Under the original “Rose Garden” budget agreement, defense spending would have been increased 7.5 percent above the rate of inflation from fiscal 1984 to fiscal 1985, while spending for education and other domestic, non-entitlement, discretionary programs would have been frozen at current levels. That plan3would have set fiscal 1985 Education Department spending at about $15.4 billion.
After acknowledging that he did not have the votes to carry this plan, Senator Baker agreed to a compromise that will rescind $2 billion in funds already earmarked for the Synthetic Fuels Corporation and reprogram it for education and other social programs.

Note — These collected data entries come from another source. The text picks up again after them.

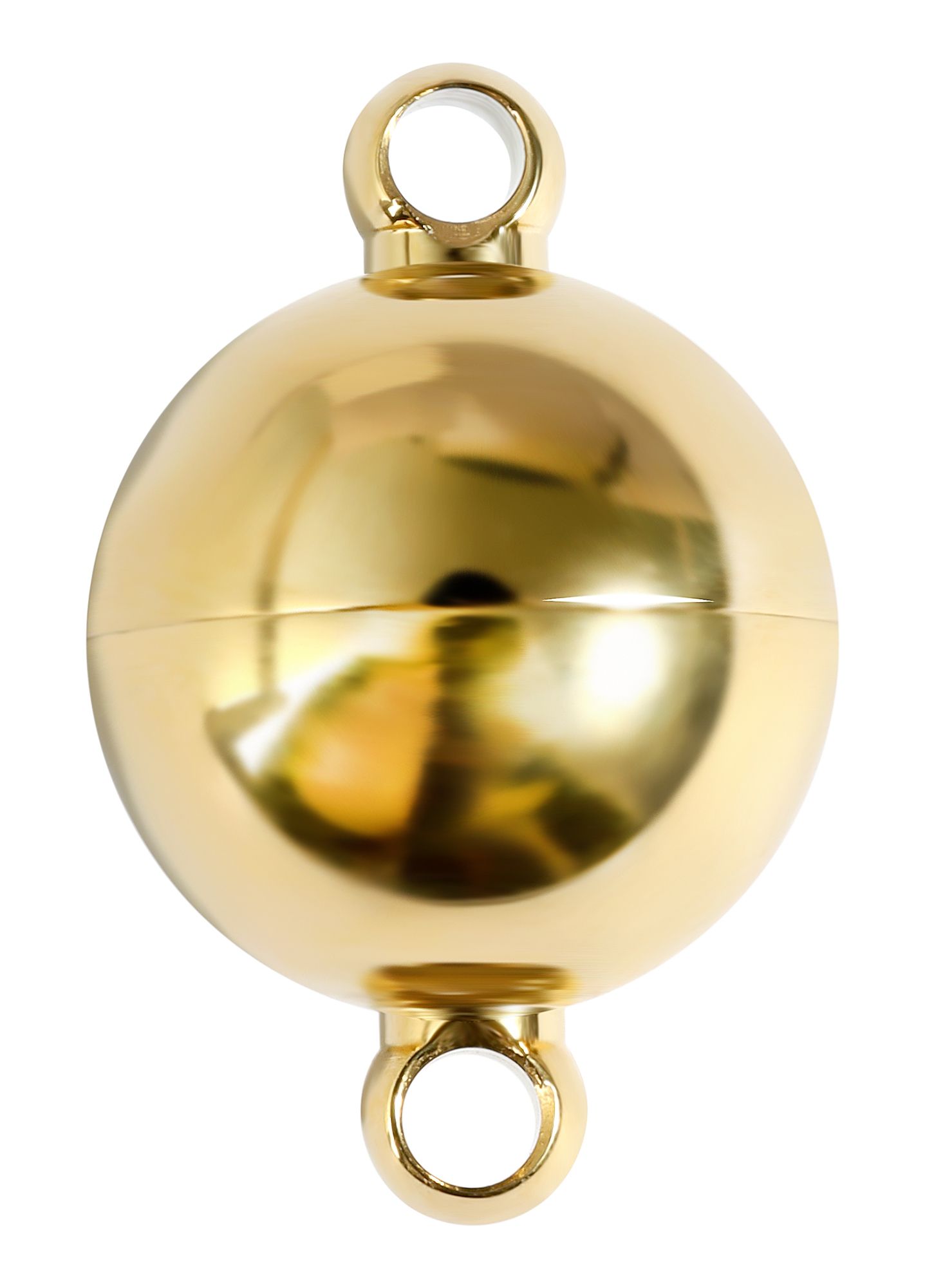 Die Magnetschließe der Marke Akzent ist aus rostfreiem Edelstahl gefertigt und in verschiedenen Größen erhältlich. Die Oberfläche ist goldfarbig und hochglanzpoliert. Die Kugelförmige Schließe enthält links und rechts jeweils eine offene Öse, an der beliebige Ketten befestigt werden können. Diese Art von Schließen ist sehr praktisch und einfach zu handhaben, da sich die magnetischen Enden durch einfaches aneinanderhalten zusammen finden. Der Durchmesser beträgt 10 mm.
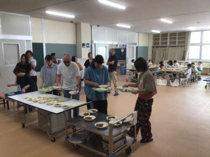 1年生が保護者のみなさんと一緒に給食を食べました。とてもいい笑顔で食事を楽しんでいました。
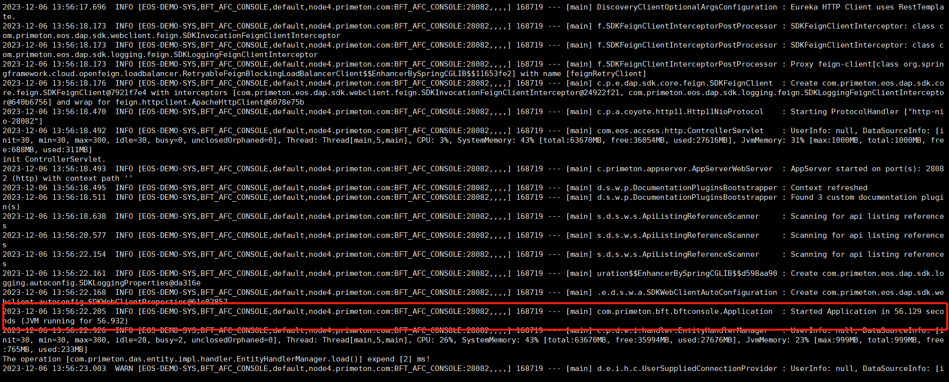 console start detail log see /home/bft76/Primeton_BFT_7.6.0_Console/logs/eos-trace.log
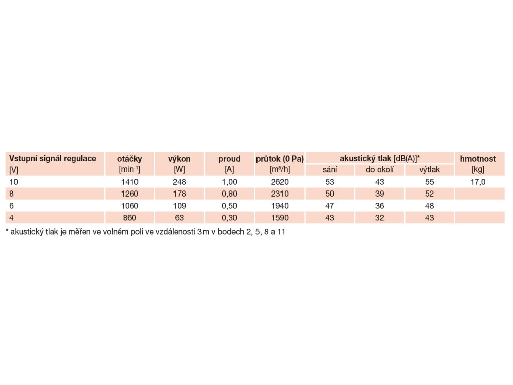 EC motor s tepelnou a elektronickou ochranou proti přetížení. Ložiska kuličková. Třída izolace B, krytí IP44. Pracovní teplota -20 °C až +40 °C.
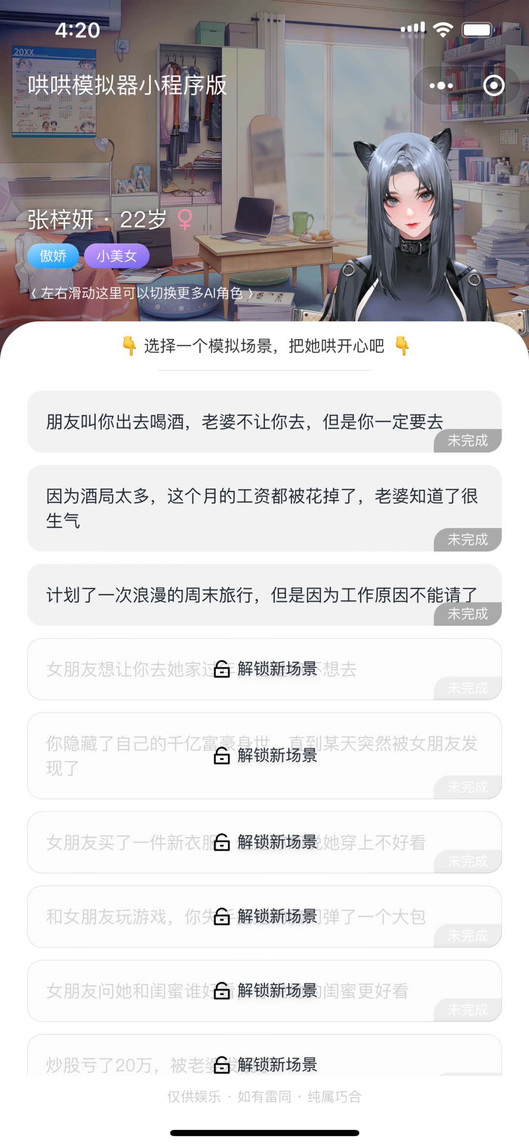 “喝喝喝!就知道和你那幫狐朋狗友出去喝酒!”被我選擇中的是名為“張梓妍”的賽博女友,設定是“22歲,傲嬌小美女”,確實傲嬌不明所以就給我來了一頓數落。
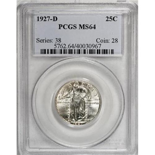 <B>1927-D 25C MS64 PCGS.</B></I> PCGS Population (422/231). NGC Census: (237/186). Mintage: 976,000. Numismedia Wsl. Price for NGC/PCGS coin in MS64: $260. (#5762)<BR><BR><B>Coin Engraver:</B> Hermon A. MacNeil<BR><BR><b>Shipping:</b> Coins & Currency (<a target="_blank" href="http://www.heritageauctions.com/common/shipping.php">view shipping information</a>)
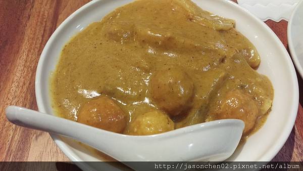 咖哩三寶(魚蛋,豬皮和白蘿蔔),有點膩‧
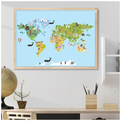 Постер без рамки "Карта мира с животными для детей" 40 на 50 в тубусе / Картина для интерьера / Плакат / Постер на стену

Senator Bill Bradley, Democrat of New Jersey, had planned to offer an amendment to the Administration-backed plan that would have boosted education spending by $1.95 billion in the upcoming fiscal year. He agreed not to bring it up, however, because he said it was his understanding that $1.3 billion of the $2 billion from the Synfuels account would be earmarked for education.
Debate before the vote, however, indicated uncertainty as to whether the full $1.3 billion would be added to the budget for education.
Senator Lawton E. Chiles, Democrat of Florida and ranking minority member on the Budget Committee, pointed out that in the appropriations process, education programs could be forced to compete with other nondefense discretionary programs singled out for spending increases in the President’s original budget request.
The Senate must now incorporate the provisions of the deficit-reduction plan into its first concurrent budget resolution for fiscal 1985. The House on April 5 passed a budget resolution that calls for $182 billion in deficit reductions and, according to lobbyists, assumes spending of $17 billion for the Education Department. Observers predict it will be difficult for House and Senate conferees to iron out the differences between their versions of the budget plan.